Stem composed of outer gelatinose layer, excipulum (porrecta) and medulla (gelatinosa), receptacle lacking outer gelatinose layer and have excipulum from textura globosa-prismatica, medulla the same; cells of prismatica at stem 46 x 8,7; at receptacle 40 x 15; hyphae in medulla 2,5 broad; outer gelatinose layer hyphae 2 mk broad, ended with enlarged clavate cells up to 8 mk broad; asci cylindrical, with not clear clamp, pore euamyloid, 64,5-74,7 x 5-6,5; paraphyses cylindrical with some enlargement to the tip (2 mk broad at tip), without VBs, segmented, rarely branched; spores fusoid when in asci, upon release becoming strongly curved, many guttulate, 19,5 (18-21) x 2,5 (2,2-2,7) (10 straight spores measured).

Zotto
I've noticed that spores collected from stipe (washed away here) all were strongly curved, in contrast with tapped mount where spores were forced to release, and there they were curved and straight both.
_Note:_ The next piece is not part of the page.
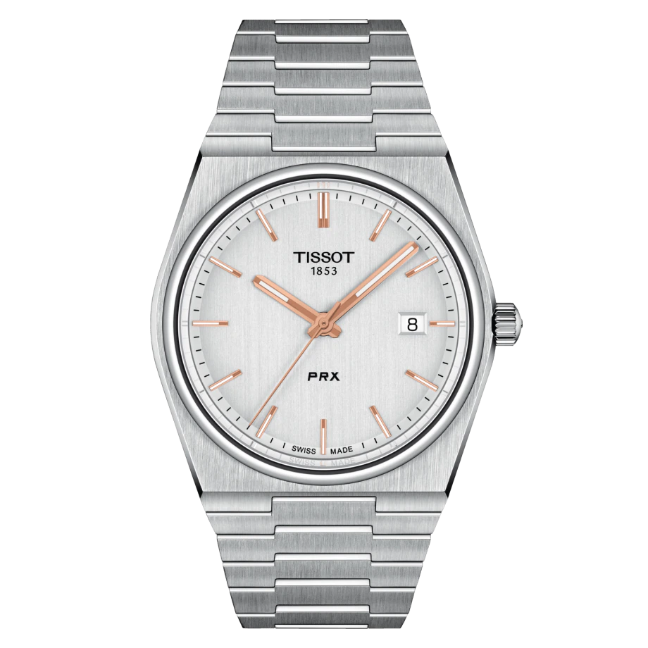 Seria Tissot PRX to nowa edycja kultowego, przepięknego modelu z lat siedemdziesiątych ubiegłego wieku. W idealny sposób łączy ducha przeszłości z nowoczesnością. Model oferowany jest w trzech wersjach kolorystycznych na pięknej stalowej bransolecie. Wewnątrz 40 mm koperty pracuje niezawodny, kwarcowy mechanizm ETA F06.115 całości dopełnia odporne na zarysowania szkło szafirowe. Czasomierz objęty jest dwuletnią, międzynarodową gwarancją producenta.
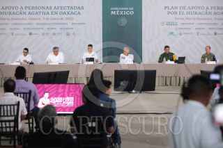 SANTA MARÍA HUATULCO, OAXACA, 09JUNIO2022.- Andrés Manuel López Obrador, Presidente Constitucional de los Estados Unidos Mexicanos, presidió el Plan de Apoyo a las personas afectadas por el Huracán Agatha en Oaxaca. Lo acompañan Germán Arturo Martínez Santoyo, director general de la Comisión Nacional del Agua; Laura Velázquez Alzúa, coordinadora nacional de Protección Civil; Jorge Arganis Díaz Leal, secretario de Infraestructura, Comunicaciones y Transportes; Rosa Icela Rodríguez Velázquez, secretaria de Seguridad y Protección Ciudadana; Adán Augusto López Hernández, secretario de Gobernación; Alejandro Murat Hinojosa, gobernador Constitucional del Estado de Oaxaca; Luis Cresencio Sandoval González, secretario de la Defensa Nacional; José Rafael Ojeda Durán, secretario de Marina; Ariadna Montiel Reyes, secretaria de Bienestar. FOTO: PRESIDENCIA/CUARTOSCURO.COM

There is one more picture of such spores from stipe, only strongly curved. So, probably they become curved some time after release? I may study this repetedly, i have two more frbs.

Now I see: HB 6200 (Karsten 2061, in H) shows the type of pileata with long straight spores which corresponds to his diagnosis. HB 4498 (same coll. from M) does not fit the protologue, so is not type, though labelled "holotype". The closely related species with C-shaped spores is Helotium costantini Boud.